Question (non-)existentielle : “Composer”, ou la quête de l’identité

Blog “Dans l’Atelier du Compositeur” & “Sculpteur de Notes”

Question (non-)existentielle : “Composer”, ou la quête de l’identité

, par , dans Dans l’atelier du compositeur, Réflexions / Questionnements —  3 min.

L’une des choses les plus importantes pour un compositeur est à mon sens de ne pas se laisser étiqueter. La question que tout le monde vous pose lorsqu’ils apprennent que vous êtes compositeur : Comment définiriez-vous votre style ? (avec le tutoiement en sus, la plupart du temps) et toutes les variations associées. Question piège s’il en est, et sans intérêt de surcroît.

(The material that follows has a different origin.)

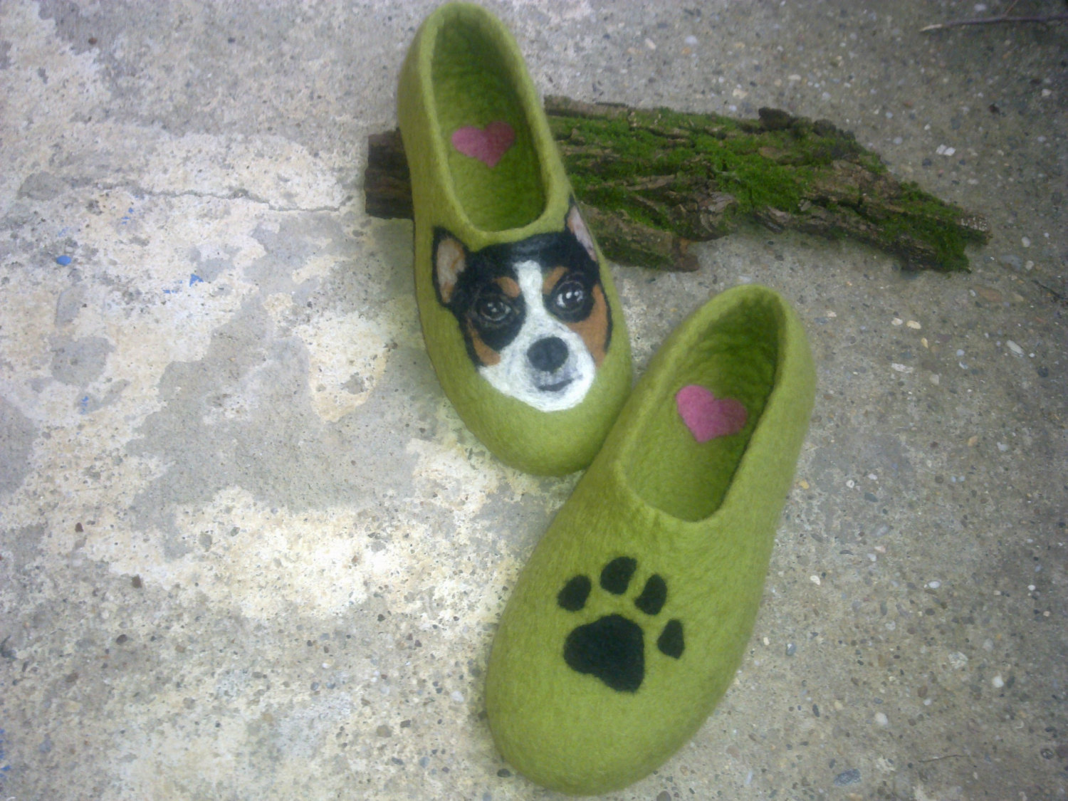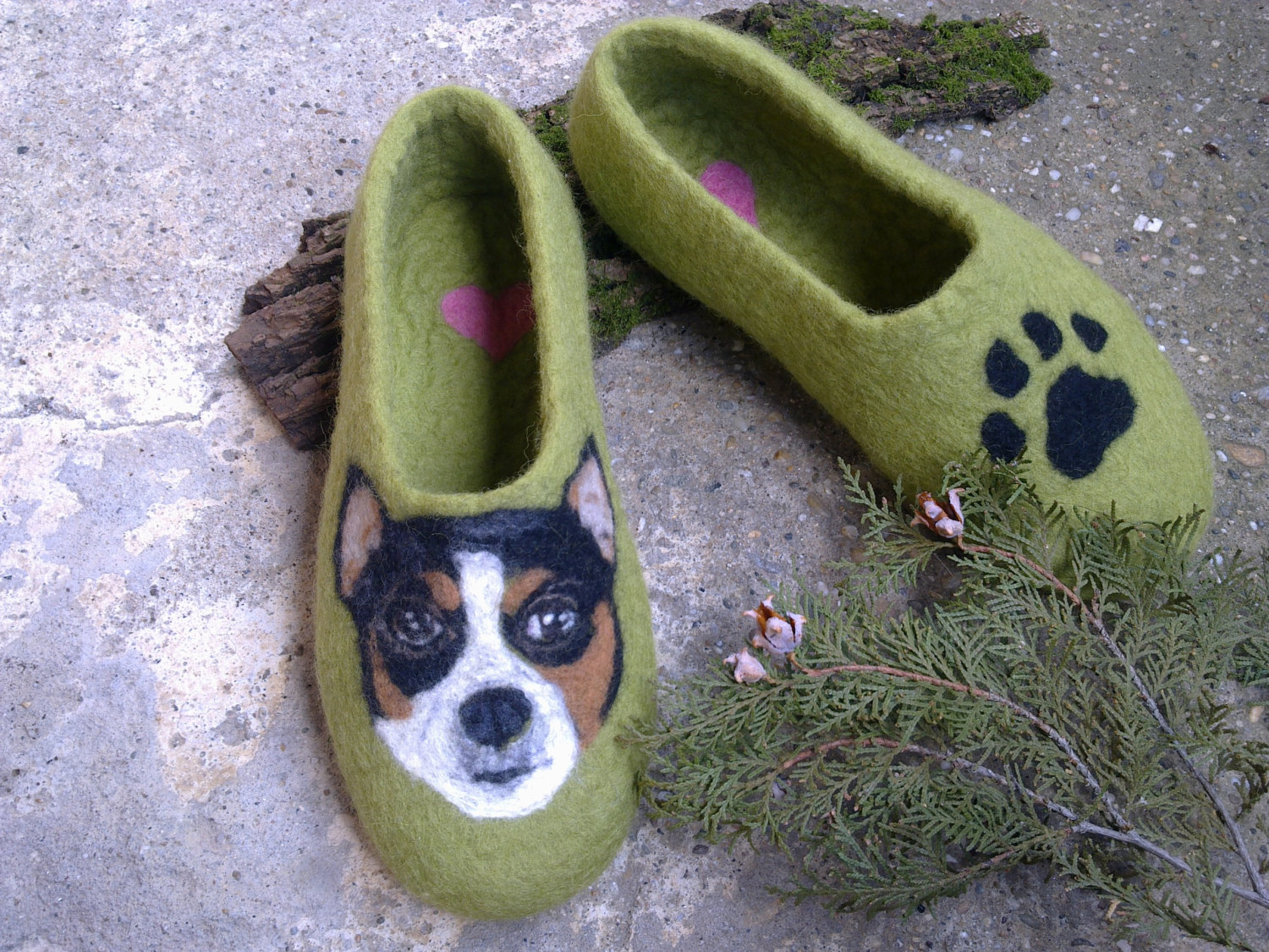 Original handmade slippers with portrait of your dog make with love and care for you and your family. Custom made slippers with portrait of your dog. Please, send me a picture of your pet and I’ll put it on the slippers.

Un compositeur devrait d’abord être un artisan avant d’être un artiste, et faire son travail du mieux qu’il le peut, avec toute l’honnêteté technique puis artistique dont il est capable. Pour le reste, rares sont les compositeurs qui révolutionnent la musique, on entre là dans la catégorie au-dessus.

J’ai une vision des choses peut-être excessive, mais pour moi il y a deux catégories : d’un côté les compositeurs qui, quels que soient leurs efforts, ne pourront jamais écrire rien d’autre que de la médiocrité (sans la notion péjorative que les temps modernes attribuent à ce mot), parfois de la bonne médiocrité mais rien de plus. De l’autre les génies, qui créent des chefs-d’œuvre mais peuvent être aussi de simples compositeurs. (Pas de suspense ici : je m’auto-classe dans la 1è catégorie.)

La notion de “Création”, avec laquelle on nous rebat les oreilles, prend toute sa relativité avec cette conception. Un compositeur serait plutôt un “Récréateur” qu’un “Créateur”, le dernier terme étant réservé aux génies (je n’aime pas ce mot non plus, mal employé la plupart du temps, mais mon idée est plus intelligible simplifiée de cette façon).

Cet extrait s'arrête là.